**Information given**

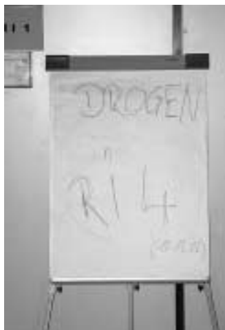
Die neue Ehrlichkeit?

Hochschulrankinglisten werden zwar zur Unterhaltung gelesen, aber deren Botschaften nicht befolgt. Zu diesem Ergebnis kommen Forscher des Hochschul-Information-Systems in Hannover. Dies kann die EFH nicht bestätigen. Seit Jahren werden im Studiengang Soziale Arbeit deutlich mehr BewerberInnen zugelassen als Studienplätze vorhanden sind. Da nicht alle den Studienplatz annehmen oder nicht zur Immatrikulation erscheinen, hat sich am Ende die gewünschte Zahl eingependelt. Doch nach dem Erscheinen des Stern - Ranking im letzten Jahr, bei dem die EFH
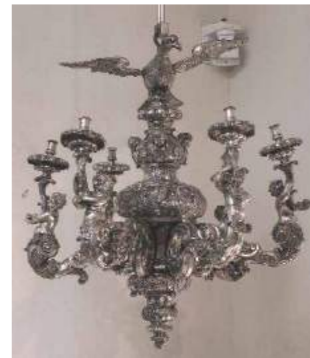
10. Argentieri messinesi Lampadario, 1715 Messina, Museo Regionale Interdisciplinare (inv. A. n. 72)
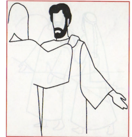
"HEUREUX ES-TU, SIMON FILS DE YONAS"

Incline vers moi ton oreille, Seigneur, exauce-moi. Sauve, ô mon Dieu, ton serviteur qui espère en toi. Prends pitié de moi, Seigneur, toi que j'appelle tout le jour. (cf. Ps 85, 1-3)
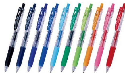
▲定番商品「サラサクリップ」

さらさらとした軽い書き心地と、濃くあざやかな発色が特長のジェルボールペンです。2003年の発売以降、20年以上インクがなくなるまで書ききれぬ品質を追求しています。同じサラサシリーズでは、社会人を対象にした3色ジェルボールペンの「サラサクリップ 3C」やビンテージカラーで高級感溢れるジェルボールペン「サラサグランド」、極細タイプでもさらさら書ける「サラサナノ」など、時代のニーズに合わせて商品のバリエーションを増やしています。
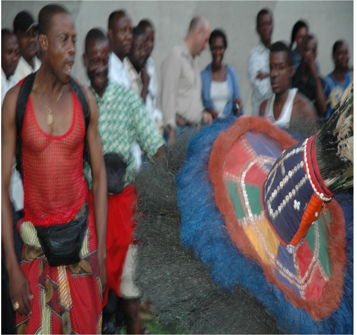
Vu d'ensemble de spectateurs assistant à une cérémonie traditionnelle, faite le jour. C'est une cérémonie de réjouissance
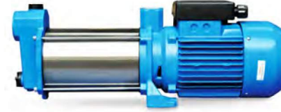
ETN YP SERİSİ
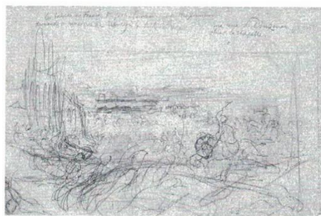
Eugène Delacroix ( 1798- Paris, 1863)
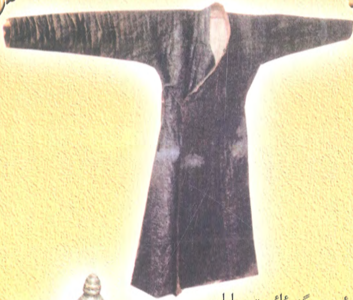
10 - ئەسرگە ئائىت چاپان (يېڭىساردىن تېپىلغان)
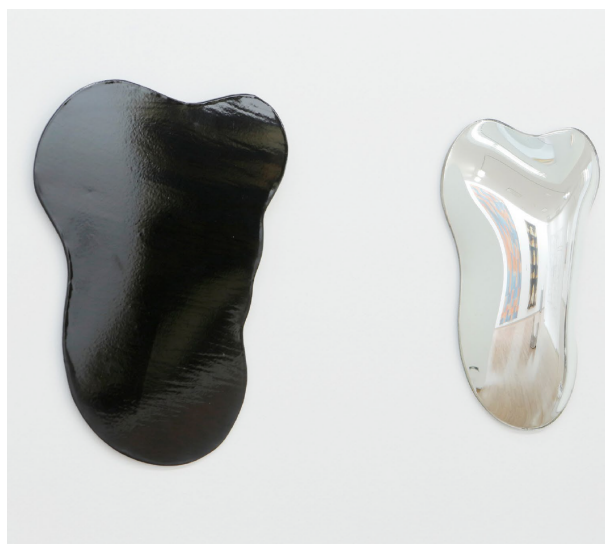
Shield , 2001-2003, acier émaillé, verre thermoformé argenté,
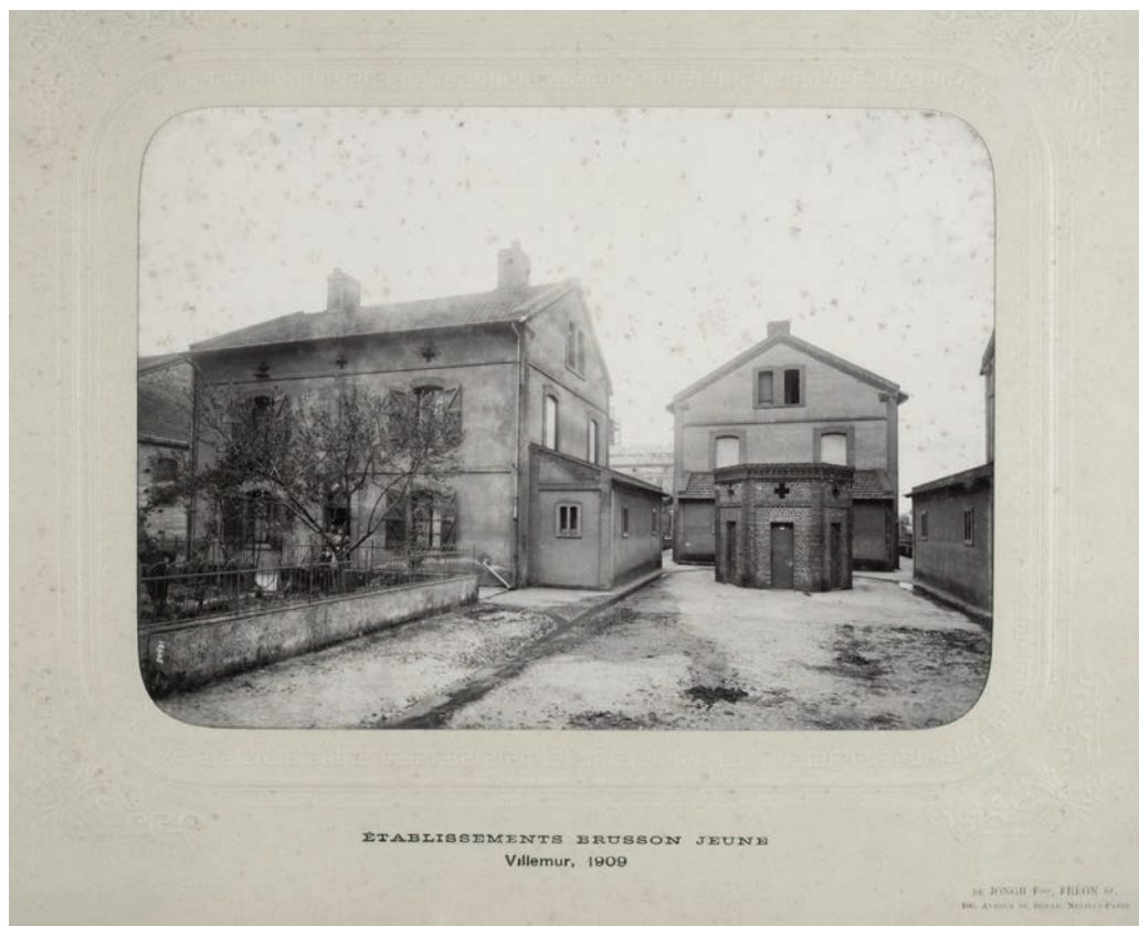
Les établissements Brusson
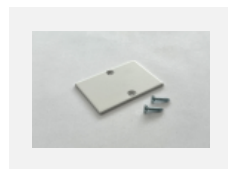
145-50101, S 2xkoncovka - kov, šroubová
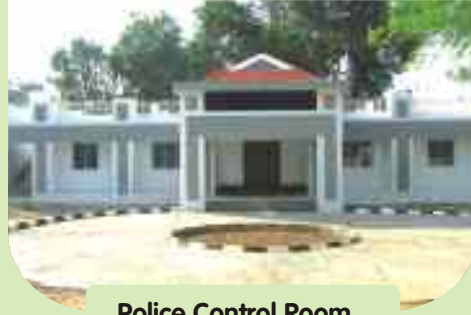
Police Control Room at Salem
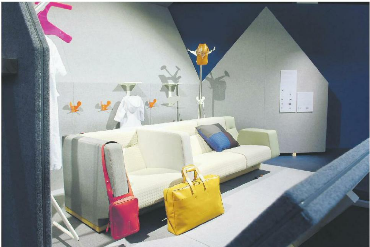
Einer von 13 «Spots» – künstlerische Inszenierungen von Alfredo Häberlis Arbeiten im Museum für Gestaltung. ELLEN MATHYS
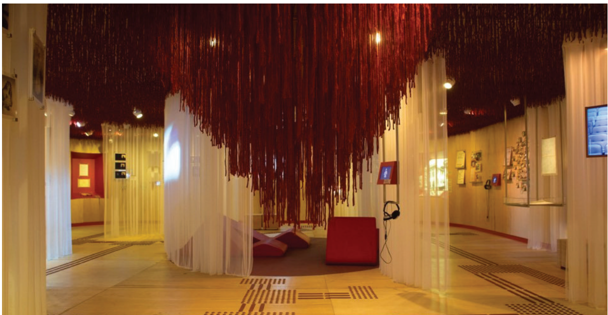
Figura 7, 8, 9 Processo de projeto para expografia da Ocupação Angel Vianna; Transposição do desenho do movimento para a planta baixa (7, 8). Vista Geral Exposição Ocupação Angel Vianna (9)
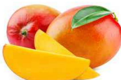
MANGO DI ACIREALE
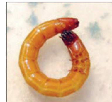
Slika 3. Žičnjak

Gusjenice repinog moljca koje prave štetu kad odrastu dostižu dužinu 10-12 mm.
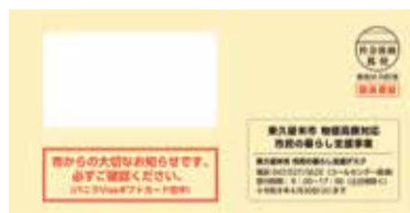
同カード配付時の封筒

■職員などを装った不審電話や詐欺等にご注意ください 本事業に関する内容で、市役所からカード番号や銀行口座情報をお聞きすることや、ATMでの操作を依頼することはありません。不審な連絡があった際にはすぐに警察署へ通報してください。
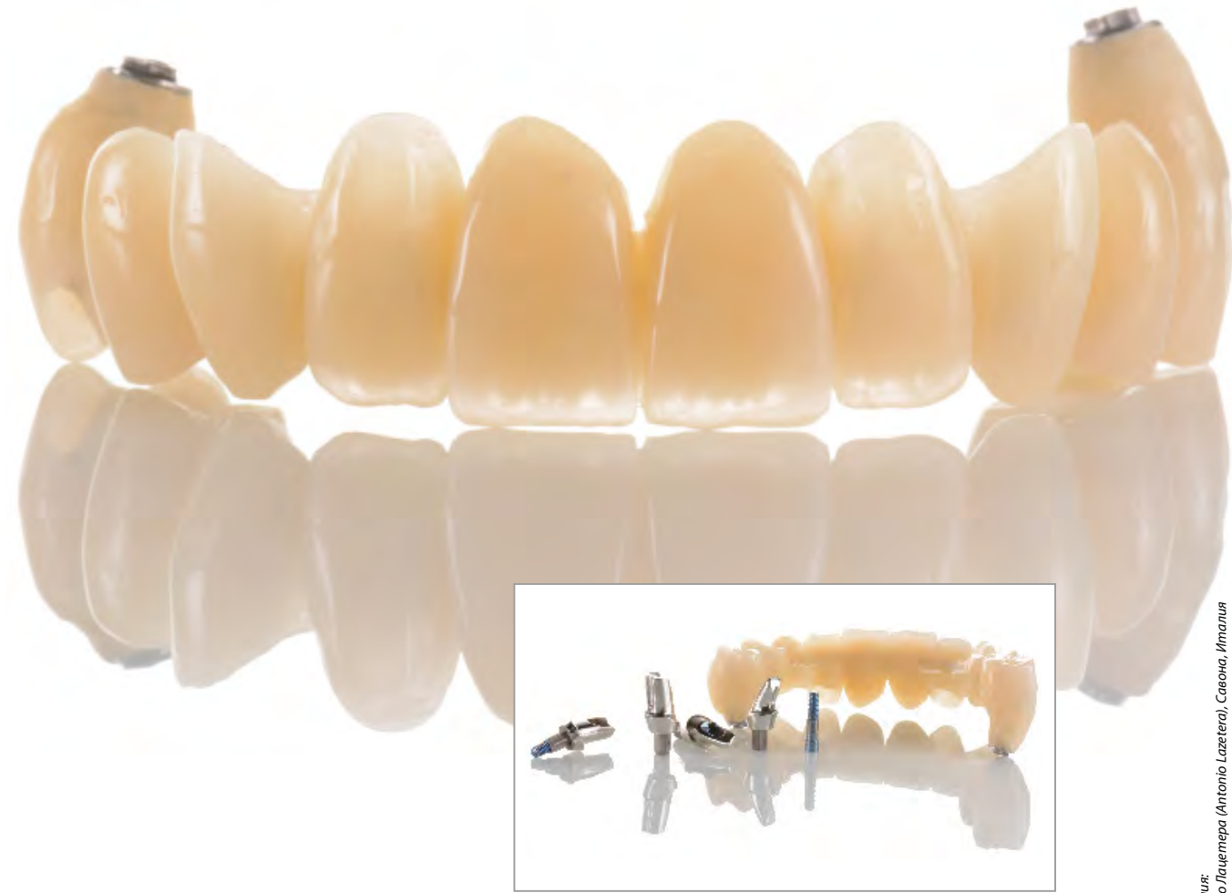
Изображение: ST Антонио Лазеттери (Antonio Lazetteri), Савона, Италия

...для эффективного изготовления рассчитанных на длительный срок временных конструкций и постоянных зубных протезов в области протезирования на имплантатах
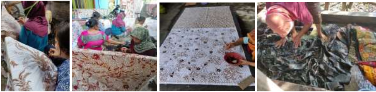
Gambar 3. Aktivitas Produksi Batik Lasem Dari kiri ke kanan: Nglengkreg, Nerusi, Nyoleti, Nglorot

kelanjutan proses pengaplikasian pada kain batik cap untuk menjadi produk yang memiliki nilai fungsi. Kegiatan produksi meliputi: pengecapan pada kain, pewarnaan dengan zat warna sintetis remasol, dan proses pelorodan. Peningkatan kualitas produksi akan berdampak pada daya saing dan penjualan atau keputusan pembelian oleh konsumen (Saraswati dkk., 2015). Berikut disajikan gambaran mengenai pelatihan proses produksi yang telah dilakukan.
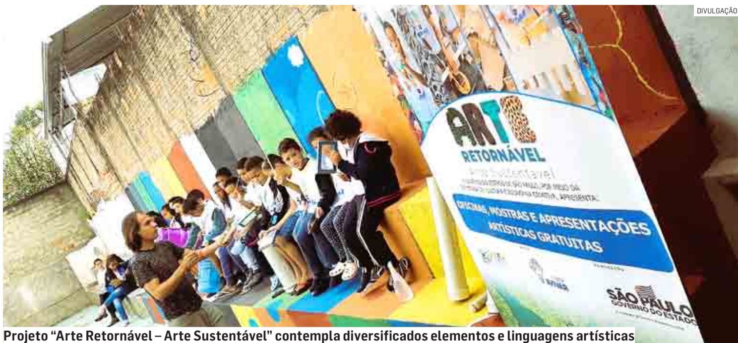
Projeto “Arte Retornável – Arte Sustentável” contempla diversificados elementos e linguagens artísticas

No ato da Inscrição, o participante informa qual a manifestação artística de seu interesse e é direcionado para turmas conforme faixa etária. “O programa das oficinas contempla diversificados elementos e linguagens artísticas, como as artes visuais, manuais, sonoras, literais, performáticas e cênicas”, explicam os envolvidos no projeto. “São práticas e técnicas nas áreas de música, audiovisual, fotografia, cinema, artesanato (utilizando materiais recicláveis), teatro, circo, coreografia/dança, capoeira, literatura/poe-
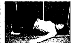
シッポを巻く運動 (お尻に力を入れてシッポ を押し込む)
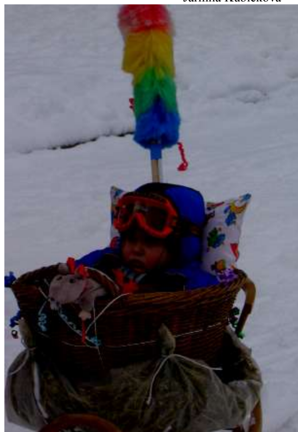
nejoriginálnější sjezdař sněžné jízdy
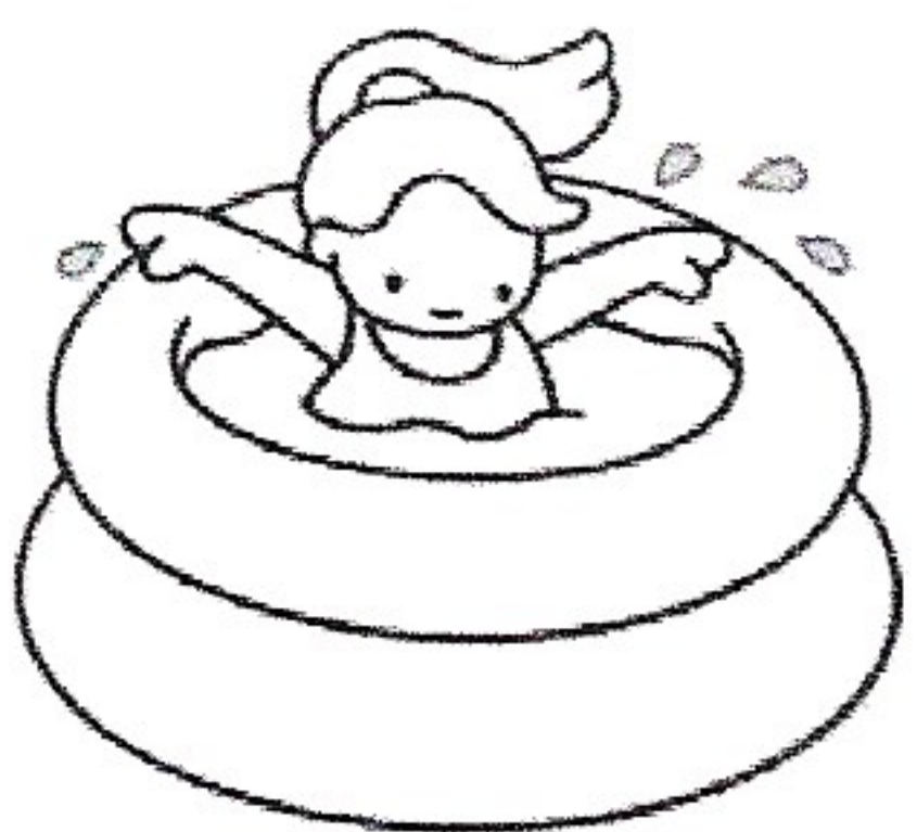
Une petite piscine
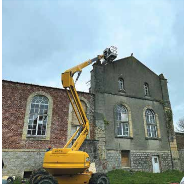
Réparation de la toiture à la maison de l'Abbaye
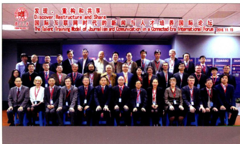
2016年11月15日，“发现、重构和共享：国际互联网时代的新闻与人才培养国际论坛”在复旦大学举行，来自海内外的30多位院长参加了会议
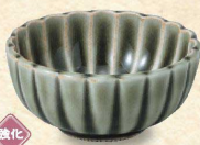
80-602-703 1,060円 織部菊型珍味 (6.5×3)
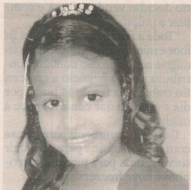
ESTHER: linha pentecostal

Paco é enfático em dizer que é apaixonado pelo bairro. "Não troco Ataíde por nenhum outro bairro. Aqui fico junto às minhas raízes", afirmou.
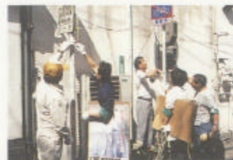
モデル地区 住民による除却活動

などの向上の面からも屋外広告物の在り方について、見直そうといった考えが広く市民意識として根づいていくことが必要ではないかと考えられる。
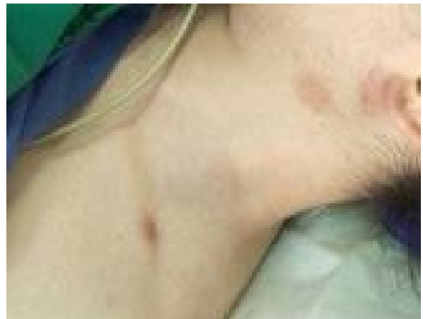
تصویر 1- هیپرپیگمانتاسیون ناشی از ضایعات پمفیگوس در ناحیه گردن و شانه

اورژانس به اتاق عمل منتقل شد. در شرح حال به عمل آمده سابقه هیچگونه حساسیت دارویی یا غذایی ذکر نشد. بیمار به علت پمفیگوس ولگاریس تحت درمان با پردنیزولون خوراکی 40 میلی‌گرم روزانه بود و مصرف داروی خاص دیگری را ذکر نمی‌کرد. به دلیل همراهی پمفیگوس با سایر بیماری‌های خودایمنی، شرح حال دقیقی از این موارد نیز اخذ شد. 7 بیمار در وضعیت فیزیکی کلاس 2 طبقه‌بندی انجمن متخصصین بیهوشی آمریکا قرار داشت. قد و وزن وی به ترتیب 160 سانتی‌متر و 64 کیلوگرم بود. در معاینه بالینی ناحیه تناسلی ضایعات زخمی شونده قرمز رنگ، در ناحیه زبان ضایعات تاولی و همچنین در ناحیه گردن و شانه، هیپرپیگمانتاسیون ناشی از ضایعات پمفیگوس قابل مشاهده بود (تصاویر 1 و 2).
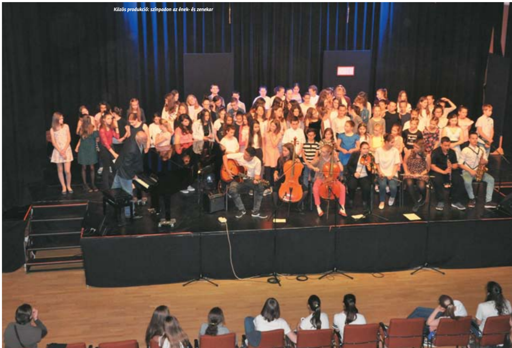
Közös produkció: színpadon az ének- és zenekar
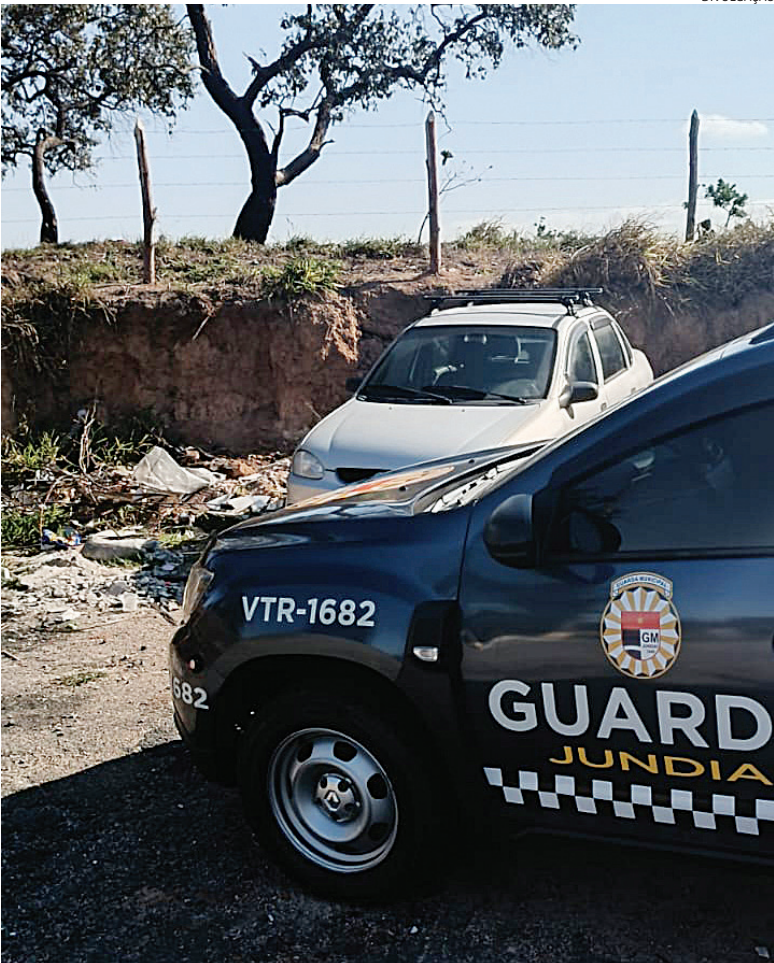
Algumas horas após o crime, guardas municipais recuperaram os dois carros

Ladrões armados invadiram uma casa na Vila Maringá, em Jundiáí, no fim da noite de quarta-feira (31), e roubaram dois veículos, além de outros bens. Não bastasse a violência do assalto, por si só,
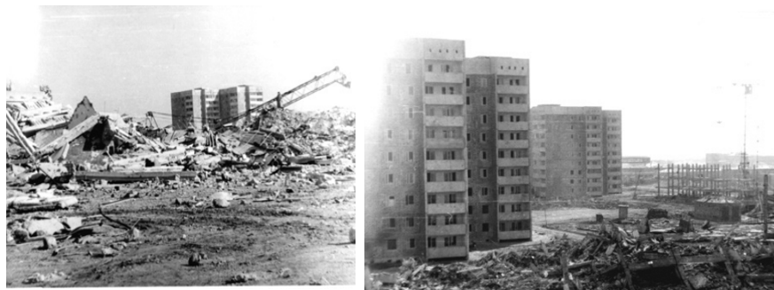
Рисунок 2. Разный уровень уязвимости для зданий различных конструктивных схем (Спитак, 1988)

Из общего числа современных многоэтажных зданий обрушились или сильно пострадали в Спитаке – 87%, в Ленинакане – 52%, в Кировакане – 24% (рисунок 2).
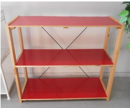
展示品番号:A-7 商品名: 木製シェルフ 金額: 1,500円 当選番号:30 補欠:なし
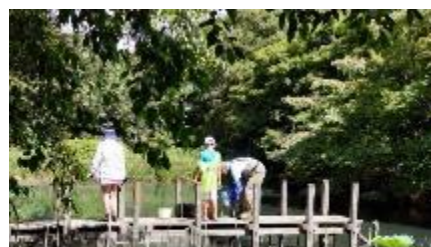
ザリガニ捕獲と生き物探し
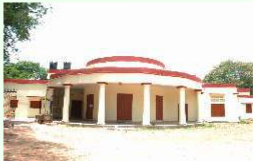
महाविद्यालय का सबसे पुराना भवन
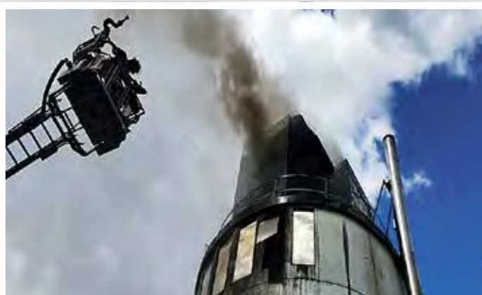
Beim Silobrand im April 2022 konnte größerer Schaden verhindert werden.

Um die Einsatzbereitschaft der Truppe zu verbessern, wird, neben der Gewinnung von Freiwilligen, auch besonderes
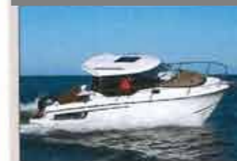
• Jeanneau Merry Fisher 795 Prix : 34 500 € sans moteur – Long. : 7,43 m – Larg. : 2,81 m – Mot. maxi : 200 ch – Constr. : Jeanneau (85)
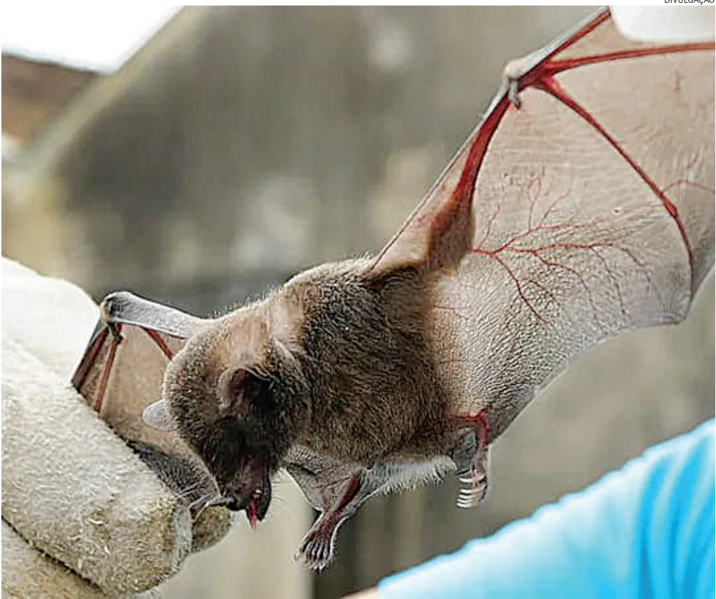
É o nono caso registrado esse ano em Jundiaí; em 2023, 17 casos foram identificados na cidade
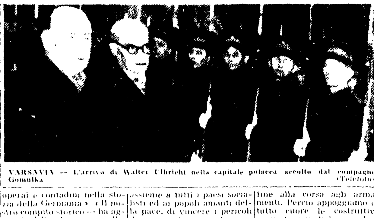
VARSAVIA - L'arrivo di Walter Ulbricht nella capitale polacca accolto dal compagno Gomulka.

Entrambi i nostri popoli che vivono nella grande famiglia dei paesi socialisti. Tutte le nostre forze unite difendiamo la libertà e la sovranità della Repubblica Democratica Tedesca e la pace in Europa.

**Task directions**
Output exactly the lines above, from the line with "протезирования на имплантатах" to the line with "Gambar 3. Aktivitas", both included; skip the pictures.

**Answer to the problem**
...для эффективного изготовления рассчитанных на длительный срок временных конструкций и постоянных зубных протезов в области протезирования на имплантатах
Gambar 3. Aktivitas Produksi Batik Lasem Dari kiri ke kanan: Nglengkreg, Nerusi, Nyoleti, Nglorot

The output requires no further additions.